How getting dirty can boost your immune system
Asthma, diabetes, allergies, ear infections—what do all of these things have in common?
They’ve all been on the rise in children, despite the fact that in the United States, many of us have state-of-the-art medicine and sanitation methods at our fingertips.
We do everything we think is right to protect our bodies and our immune systems from illness and germs, but some health professionals argue it’s ok to be exposed to a little bit of dirt.
Mary Ruebush, author of “Why is Dirt is Good: 5 Ways to Make Dirt Your Friend,” has five simple rules she came up with as a mother and as a microbiology and immunology teacher:
- Let them eat dirt. She says exposure to dirt helps children build strong immune systems that will provide lifelong protection.
- Use it or lose it. She’s talking about your immune system. Give it the exercise it deserves.
- Don’t encourage superbugs. She recommends trading antibacterial soap for regular soup and antibiotic drugs for nature.
- Keep your vaccinations up to date.
- Consult Mother Nature. Humans were meant to be exposed to the outside world. Go for that first, and save the drugs for when they’re really needed.
When I was little, my older brother and I would venture down to the creek a half-mile from our house and spend hours playing. We’d build mud houses, make mud pies in our mud kitchen, take mud baths and get as dirty as we possibly could.
The physical act of playing outside and allowing your children to get a little dirty has been linked to fewer allergies and a stronger immune system.
There’s a theory called the hygiene hypothesis, that says the dirtier you get, the less allergies and asthma you’ll have. Basically, the dirtier the better.

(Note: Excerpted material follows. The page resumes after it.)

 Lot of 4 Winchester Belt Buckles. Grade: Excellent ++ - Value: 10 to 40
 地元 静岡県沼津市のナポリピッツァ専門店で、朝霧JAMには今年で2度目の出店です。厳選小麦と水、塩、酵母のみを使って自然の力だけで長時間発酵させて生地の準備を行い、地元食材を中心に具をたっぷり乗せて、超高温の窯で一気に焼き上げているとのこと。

David Strachan, who came up with the hypothesis, says allergic disease like hay fever and eczema were less common in children with large families, because they were probably exposed to more germs through their siblings.
He says in countries where good health standards do not exist, the prevalence of allergic diseases remains low, even though people are still chronically infected by pathogens that are no longer present in countries with access to antibiotics.

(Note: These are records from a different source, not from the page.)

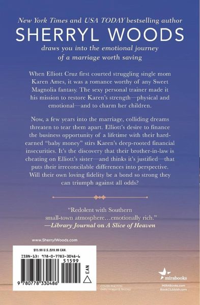 The Sweet Magnolias is now a Netflix Original Series! From #1 New York Times Bestselling Author Sherryl Woods When Elliott Cruz first courted struggling single mom Karen Ames, it was a romance worthy of any Sweet Magnolia fantasy. The sexy personal trainer made it his mission to restore Karen's strength?physical and emotional?and to charm her children. Now, a few years into the marriage, colliding dreams threaten to tear them apart. Elliott's desire to finance the business opportunity of a lifetime with their hard-earned ?baby money? stirs Karen's deep-rooted financial insecurities. It's the discovery that their brother-in-law is cheating on Elliott's sister?and thinks it's justified?that puts their irreconcilable differences into perspective. Will their own loving fidelity be a bond so strong they can triumph against all odds? Read the Sweet Magnolias Series by Sherryl Woods: Book One: Stealing Home Book Two: A Slice of Heaven Book Three: Feels Like Family Book Four: Welcome to Serenity Book Five: Home in Carolina Book Six: Sweet Tea at Sunrise Book Seven: Honeysuckle Summer Book Eight: Midnight Promises Book Nine: Catching Fireflies Book Ten: Where Azaleas Bloom Book Eleven: Swan Point Bonus: The Sweet Magnolias Cookbook
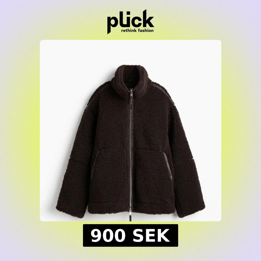 Mysig svart teddyjacka med hög krage och grov dragkedja framtill. Jackan har två stora fickor och detaljer i syntet längs ärmarna. Perfekt oversized passform för en chill look och extra värme under kalla dagar.
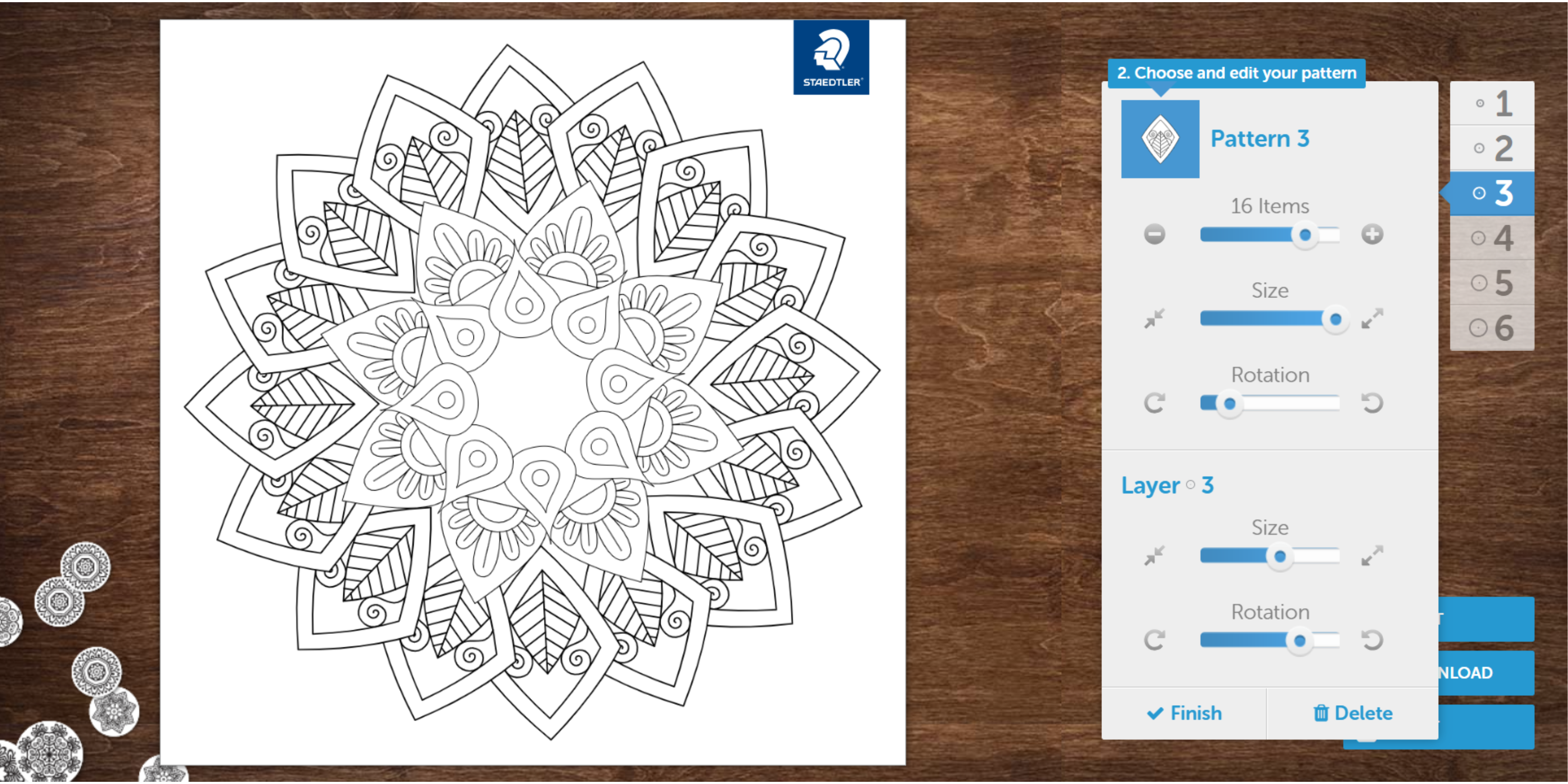 Mandalas derive from Buddhist and Hindu cultures in which for centuries they have gained currency as images for meditation. A mandala pattern is mostly round, geometrically arranged around a centre point. It is perfect for expressing creativity, where enjoyment in colouring brings a certain kind of fulfilment. Here on our page you’ll find some complimentary colouring patterns to print out and colour in. In addition, you can use our Mandala Creator to produce your own colouring patterns or be inspired by different artists.
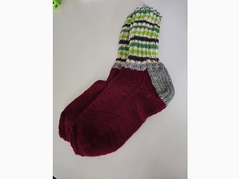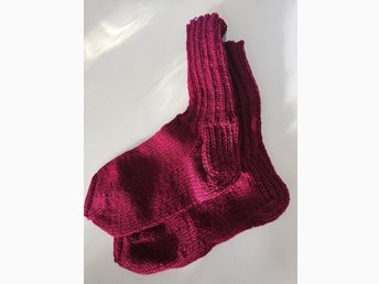 Vinröda raggsockor strl 38 stickade julklappstips varma
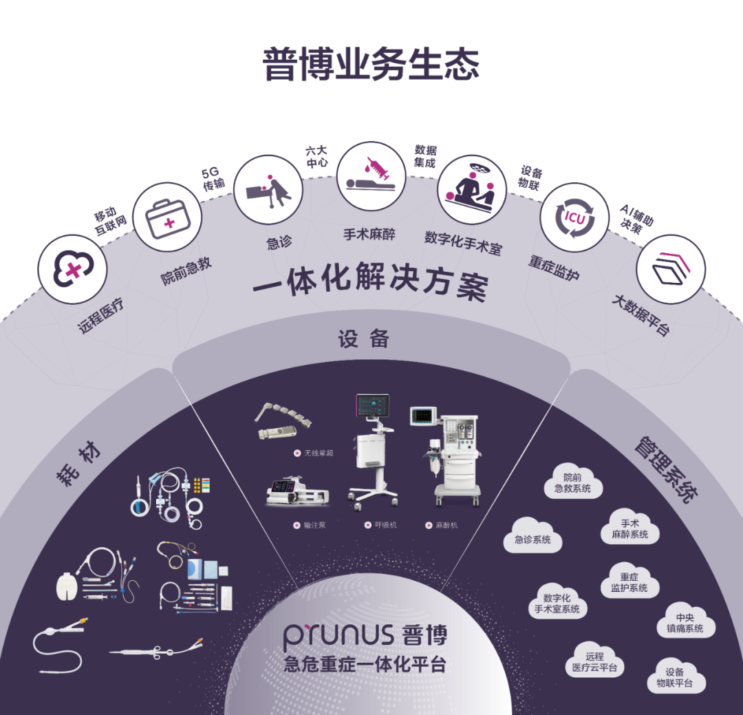 2021年1月,普博收购了高附加值耗材厂家世界著名品牌新加坡柏盛集团(BIOSENSORS),填充了国内企业在急危重症等领域高端耗材的空白,同年8月,完成对国内某信息化平台公司的收购,推动智慧医疗产品体系和业务落地,实现“设备+耗材”、“大数据+IoT”的双模式创新。

In some cases, simply being outside seems to have also led to better brain development.
A 2015 study reveals more green space at a children’s school may help develop thinking skills faster.
Researchers tracked nearly 2,600 schoolchildren aged 7-10 from Barcelona for a year, testing them every three months to see how their memory and attention developed. They found that those students exposed to more green space improved their working memory and attentiveness more than those children surrounded by less green space.
You’ve heard the adage, “You are what you eat.” So if you’re consuming plants that are nourished by sun, water, air and soil, you’re going to get the accompanying nutrients.
Dr. Maya Shetreat-Klein, an integrative pediatric neurologist and author of “The Dirt Cure: Growing Healthy Kids with Food Straight from Soil,” says good old-fashioned dirt provides nutrition, is linked to few allergies, can improve memory and focus, has mood-boosting effects, can reduce inflammation and helps with stress management and sleep.
She and Dr. Josh Axe, author of “Eat Dirt: Why Your Leaky Gut May Be the Root Cause of Your Health Problems and 5 Surprising Steps to Cure It”, aren’t suggesting you eat handfuls of dirt for breakfast.
Rather, they are looking at the concept of “eating dirt” as a broad philosophy, suggesting the consumption of soil-based organisms, which studies show treat a variety of health conditions, including allergies, asthma, irritable bowel syndrome and nutrient deficiencies.
Axe suggests simply rinsing farm-grown vegetables versus scrubbing them, because the surface area of the vegetable contains beneficial microbes.
He also recommends eating probiotic foods like kefir, yogurt and sauerkraut, consuming raw honey and bee pollen to reduce inflammation and protect the liver.
We’ve all been guilty of it—someone around you has a cold, so you search through the medicine cabinet. You’ve got a headache, so you reach for the Ibuprofen without a second thought.
Shetreat-Klein says in her book many doctors don’t look at the overall picture of the body. They’ll look at specifics: Your asthma is a lung problem; your eczema is a skin problem, etc.
“We must pay attention to all the body’s ongoing symptoms,” she says, adding that medications suppress the symptoms. It’s better to take a step back and look at the overarching problem.
“Medication is not the solution to getting well. Healing the root cause of one’s problem is,” she says.
She recommends exploring the benefits of being outside—even simply walking in nature can serve as a healing mechanism—as well as consuming bitter compounds, such as dark chocolate, leafy greens, chamomile tea and the peels on fruits and vegetables, which stimulate the immune system to help prevent infection in the gastrointestinal tract as well as the ear, nose and throat.
“Somehow, we’ve lost trust in the body’s ability to heal itself,” says Shetreat-Klein. “But each time we mess with our body’s natural survival mechanisms, the body takes a little longer to recover.”